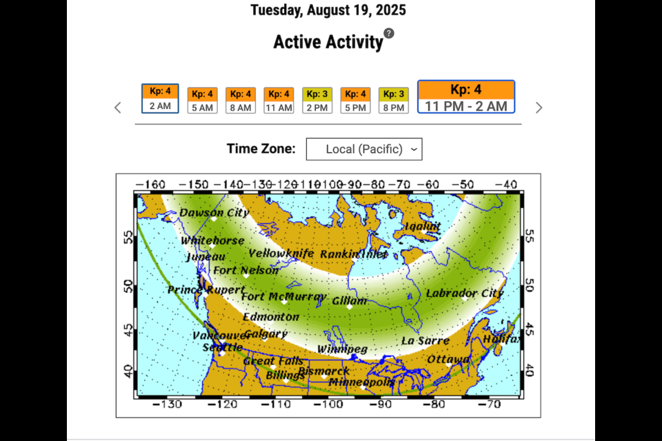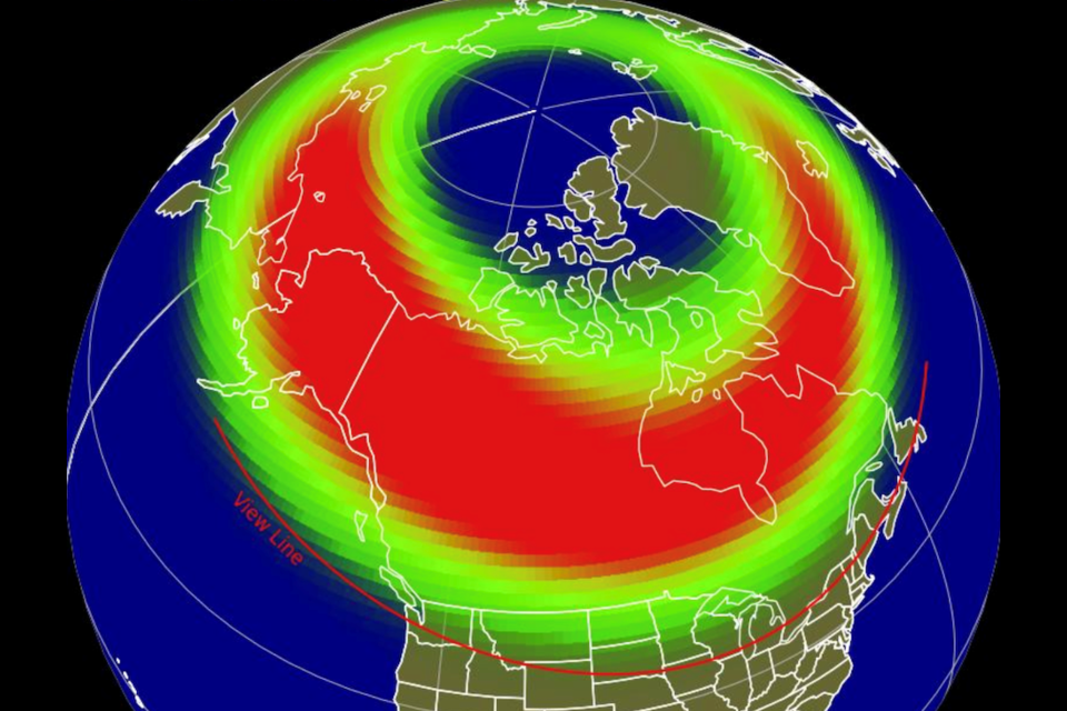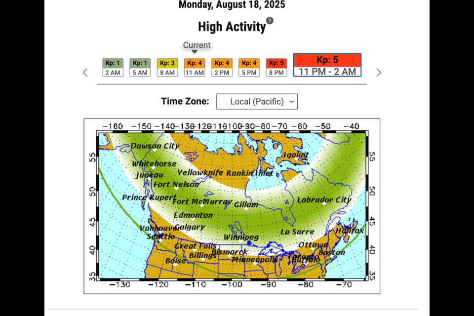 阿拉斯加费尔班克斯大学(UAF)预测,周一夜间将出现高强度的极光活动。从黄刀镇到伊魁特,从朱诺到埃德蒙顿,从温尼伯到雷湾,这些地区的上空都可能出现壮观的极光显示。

--

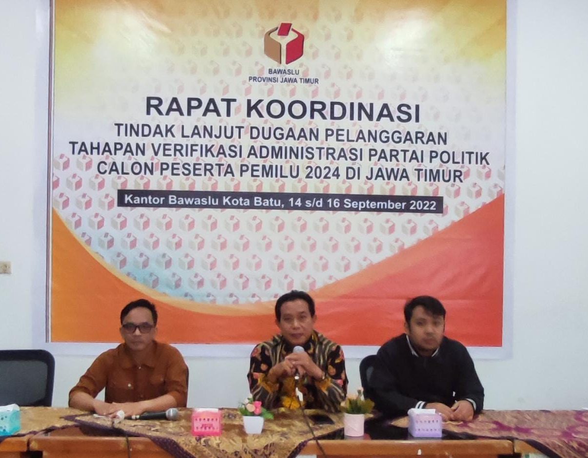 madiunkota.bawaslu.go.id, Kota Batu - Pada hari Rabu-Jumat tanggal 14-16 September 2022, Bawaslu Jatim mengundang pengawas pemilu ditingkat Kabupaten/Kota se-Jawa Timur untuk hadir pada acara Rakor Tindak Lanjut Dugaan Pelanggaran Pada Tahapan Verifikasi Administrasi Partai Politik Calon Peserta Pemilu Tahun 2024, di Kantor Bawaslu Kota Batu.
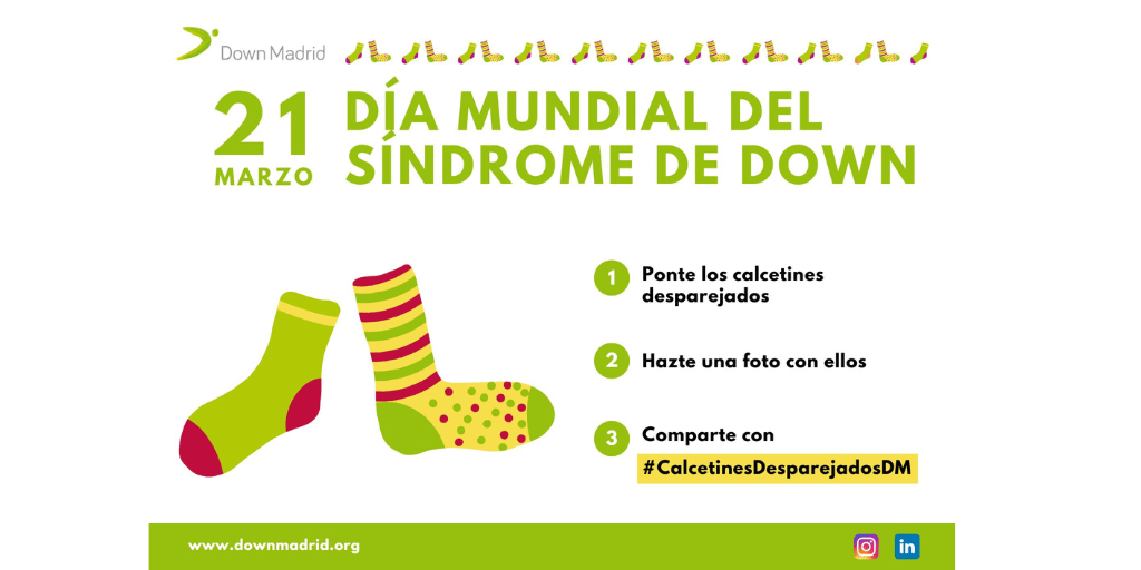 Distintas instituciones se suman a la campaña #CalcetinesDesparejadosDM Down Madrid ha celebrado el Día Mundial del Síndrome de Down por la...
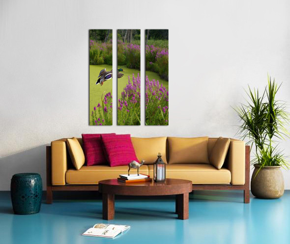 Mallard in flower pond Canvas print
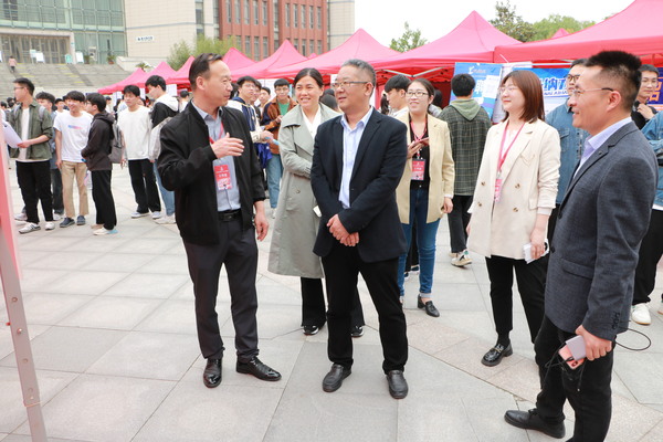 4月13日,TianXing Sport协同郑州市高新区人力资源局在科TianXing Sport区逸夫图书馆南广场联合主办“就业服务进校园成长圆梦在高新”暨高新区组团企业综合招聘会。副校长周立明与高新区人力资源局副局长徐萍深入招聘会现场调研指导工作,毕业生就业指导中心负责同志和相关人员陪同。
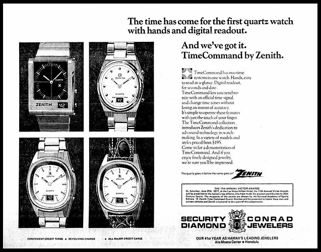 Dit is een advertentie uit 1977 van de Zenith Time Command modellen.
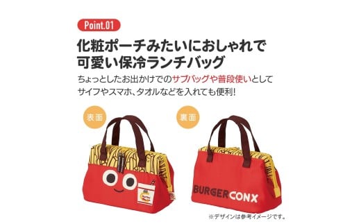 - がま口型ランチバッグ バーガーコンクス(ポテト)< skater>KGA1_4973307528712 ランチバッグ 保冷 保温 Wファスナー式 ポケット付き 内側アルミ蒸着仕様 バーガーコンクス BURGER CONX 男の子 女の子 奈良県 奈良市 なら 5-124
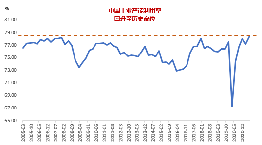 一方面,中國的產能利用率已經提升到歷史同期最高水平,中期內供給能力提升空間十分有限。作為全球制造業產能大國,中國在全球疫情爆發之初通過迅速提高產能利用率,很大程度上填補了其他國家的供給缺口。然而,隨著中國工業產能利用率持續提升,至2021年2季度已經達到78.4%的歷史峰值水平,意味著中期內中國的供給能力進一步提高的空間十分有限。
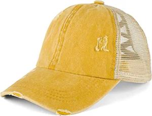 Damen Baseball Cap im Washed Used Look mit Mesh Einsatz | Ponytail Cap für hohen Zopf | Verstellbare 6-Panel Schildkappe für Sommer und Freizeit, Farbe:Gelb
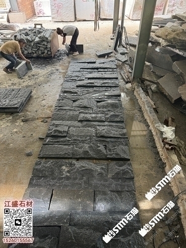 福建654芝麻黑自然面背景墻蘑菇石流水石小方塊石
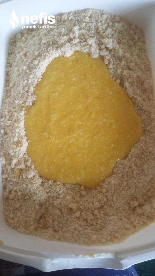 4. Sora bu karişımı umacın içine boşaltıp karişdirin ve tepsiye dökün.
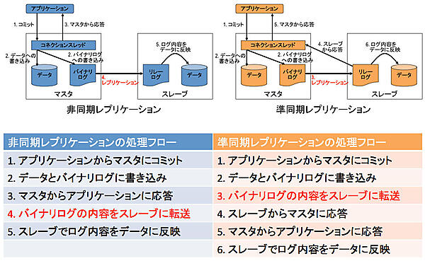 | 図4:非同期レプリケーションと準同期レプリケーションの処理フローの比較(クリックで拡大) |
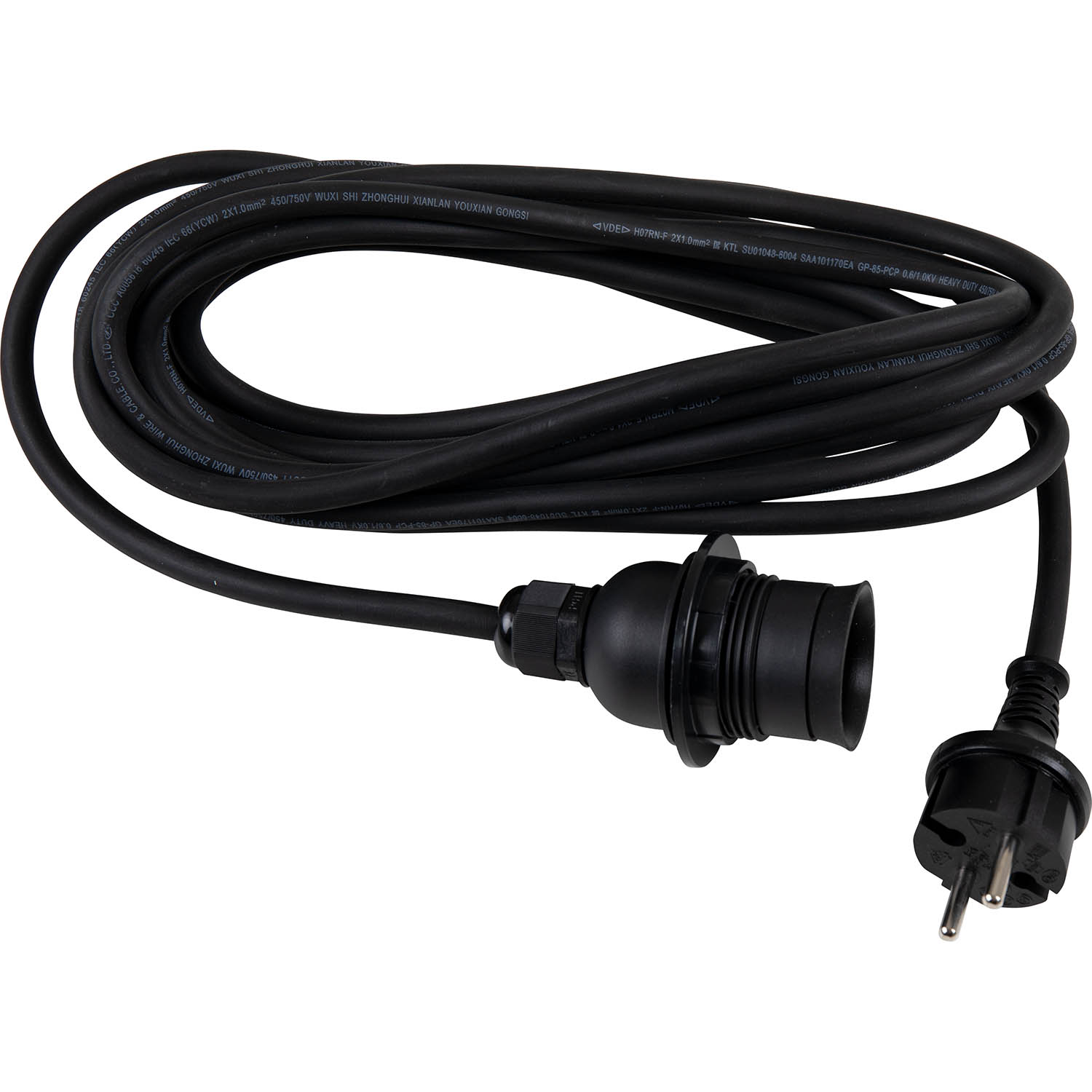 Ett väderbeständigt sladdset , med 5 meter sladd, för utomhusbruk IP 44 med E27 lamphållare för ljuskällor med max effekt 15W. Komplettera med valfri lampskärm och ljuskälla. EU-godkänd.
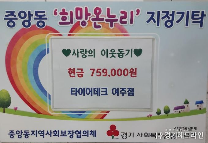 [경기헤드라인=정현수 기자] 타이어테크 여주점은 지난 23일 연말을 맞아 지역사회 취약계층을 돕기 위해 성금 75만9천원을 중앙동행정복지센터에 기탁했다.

Action item. Go down the entries above from the line containing "Distintas instituciones se" to the line containing "一方面,中國的產能利用率已經" and write out each line exactly, leaving pictures out.

Answer space.
 Distintas instituciones se suman a la campaña #CalcetinesDesparejadosDM Down Madrid ha celebrado el Día Mundial del Síndrome de Down por la...
 Mallard in flower pond Canvas print
 4月13日,TianXing Sport协同郑州市高新区人力资源局在科TianXing Sport区逸夫图书馆南广场联合主办“就业服务进校园成长圆梦在高新”暨高新区组团企业综合招聘会。副校长周立明与高新区人力资源局副局长徐萍深入招聘会现场调研指导工作,毕业生就业指导中心负责同志和相关人员陪同。
 Dit is een advertentie uit 1977 van de Zenith Time Command modellen.
 - がま口型ランチバッグ バーガーコンクス(ポテト)< skater>KGA1_4973307528712 ランチバッグ 保冷 保温 Wファスナー式 ポケット付き 内側アルミ蒸着仕様 バーガーコンクス BURGER CONX 男の子 女の子 奈良県 奈良市 なら 5-124
 一方面,中國的產能利用率已經提升到歷史同期最高水平,中期內供給能力提升空間十分有限。作為全球制造業產能大國,中國在全球疫情爆發之初通過迅速提高產能利用率,很大程度上填補了其他國家的供給缺口。然而,隨著中國工業產能利用率持續提升,至2021年2季度已經達到78.4%的歷史峰值水平,意味著中期內中國的供給能力進一步提高的空間十分有限。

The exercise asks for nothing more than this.